Alami Masalah Saat Posting Konten di TikTok
Trump pada hari Selasa mengatakan bahwa ia terbuka bagi Musk, yang merupakan sekutu dekat presiden dan membantu mengawasi inisiatif barunya tentang efisiensi pemerintah, untuk membeli TikTok, jika ia ingin melakukannya.
Pengguna TikTok, Lisa Cline, mengatakan di Threads milik Meta bahwa ia mengalami masalah saat memposting video ke TikTok yang mengkritik Trump.
"Saya mencoba memposting ini enam kali ke TikTok dan itu tidak mengizinkan saya karena sensor, semoga berhasil di sini," kata Cline.
Video tersebut merujuk pada tanggapan Trump kepada Uskup Episkopal Mariann Edgar Budde, pada kebaktian doa pelantikan di Katedral Nasional Washington, untuk menunjukkan belas kasihan kepada orang-orang yang "ketakutan".
Pengguna lainnya, Danisha Carter, mengatakan akunnya yang memiliki 2 juta pengikut ditangguhkan secara permanen tak lama setelah TikTok nonaktif.
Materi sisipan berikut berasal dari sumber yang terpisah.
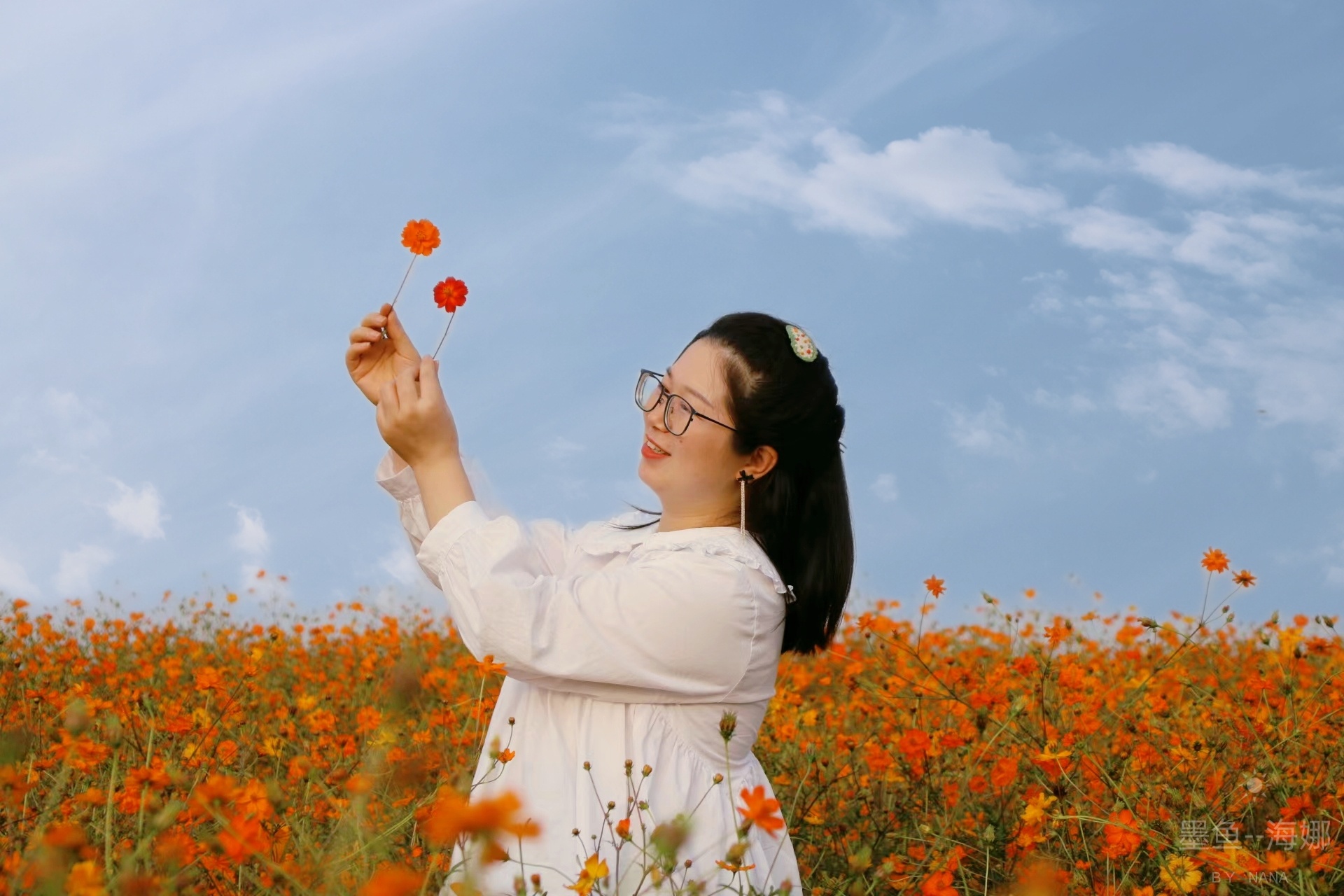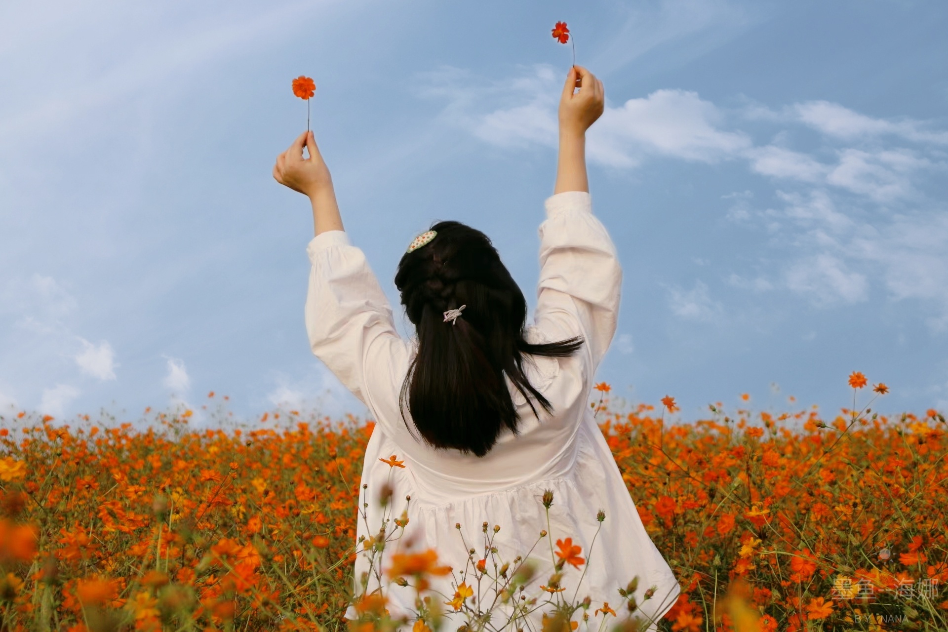 波斯菊花海穿白色衣服排出来是最出片的,要想拍深色花海,不知道怎么穿的的建议白色为主,或浅色衣服,这样就可以出片,在学学小姐姐们的姿势,那就是大片了😉😉😉
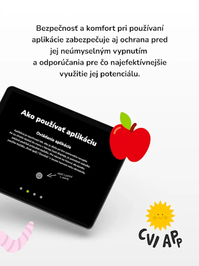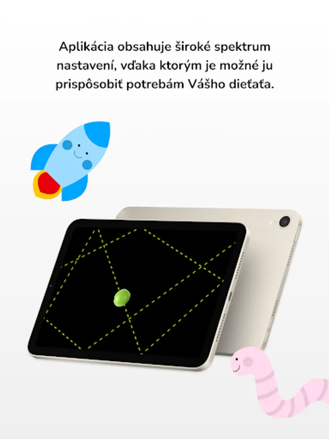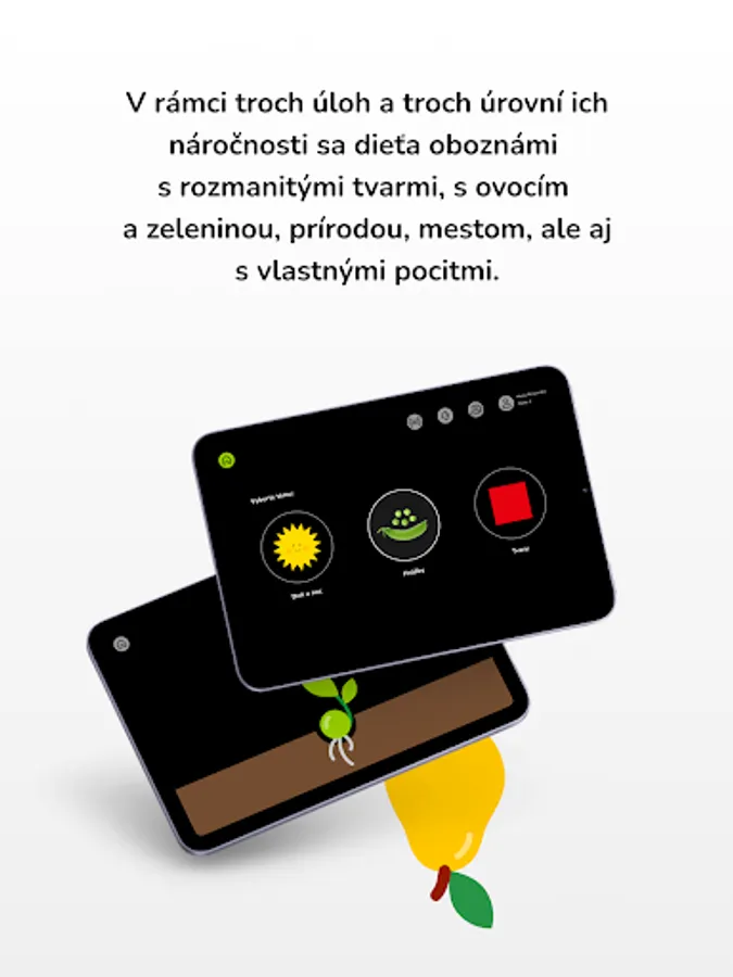 Visual stimuli are complemented by sounds and audio recordings that accompany the child in completing individual tasks. Depending on the level of difficulty, the child's interaction with the application or the complexity of the plot of the chosen task also increases. When completing tasks, the child can thus stimulate and develop not only his sight, but also other senses (hearing, touch). The variety of tasks helps the child to become familiar with different objects, geometric shapes or fruits and vegetables and to recognize them based on their characteristic visual signs. The tasks will guide the child through the city and nature and introduce him to a wide range of feelings and how it is possible to work with them.
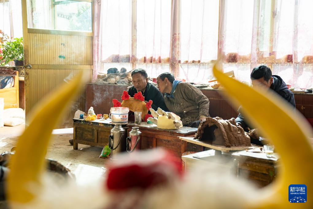 12月9日,西洛(左一)和同事交流西藏传统面具制作心得。
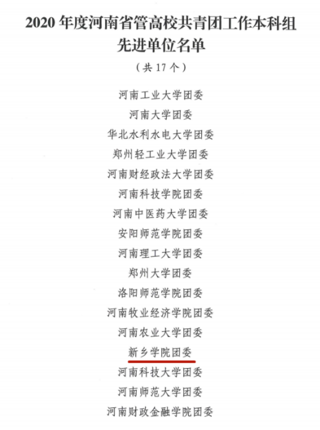 近日(ri),共(gong)青(qing)团河南省委公布了全省省管(guan)高校2020年(nian)度共(gong)青(qing)团工作综(zong)合(he)考(kao)评结果(guo),新乡学院(yuan)团委获评河南高校共(gong)青(qing)团工作先进单(dan)位。

Ia diberitahu bahwa penyebabnya karena "beberapa pelanggaran kebijakan" ketika ia mencoba masuk setelah larangan dicabut.
"Ini sangat ditargetkan secara politik," kata Carter, seorang komentator politik dan sosial, yang mengatakan TikTok tidak akan menjelaskan keputusannya, yang katanya final.
Siaran langsung terakhir Carter menyerukan para eksekutif teknologi kaya atas pengaruh mereka terhadap kampanye presiden Amerika dan bisnis AS.
Pengguna Terima Teguran dari TikTok
Yang lain mengatakan mereka ditandai untuk komentar yang tidak terkait dengan politik, memicu kekhawatiran bahwa pengguna ditargetkan berdasarkan kriteria lain termasuk identitas atau konten sebelumnya.
Lalu "Mila" Ortiz, seorang analis data dan pembuat konten, mengatakan ia menerima teguran setelah meninggalkan komentar yang tidak berbahaya di video lain, dengan peringatan bahwa pelanggaran akan mencegahnya mengakses beberapa fitur.
"Itu begitu tiba-tiba dan begitu acak saya pikir mereka mencoba mengeluarkan saya dari sini," katanya.
Ortiz sejak saat itu langsung menghapus sekitar 15 video yang pro-Wakil Presiden dan anti-Trump.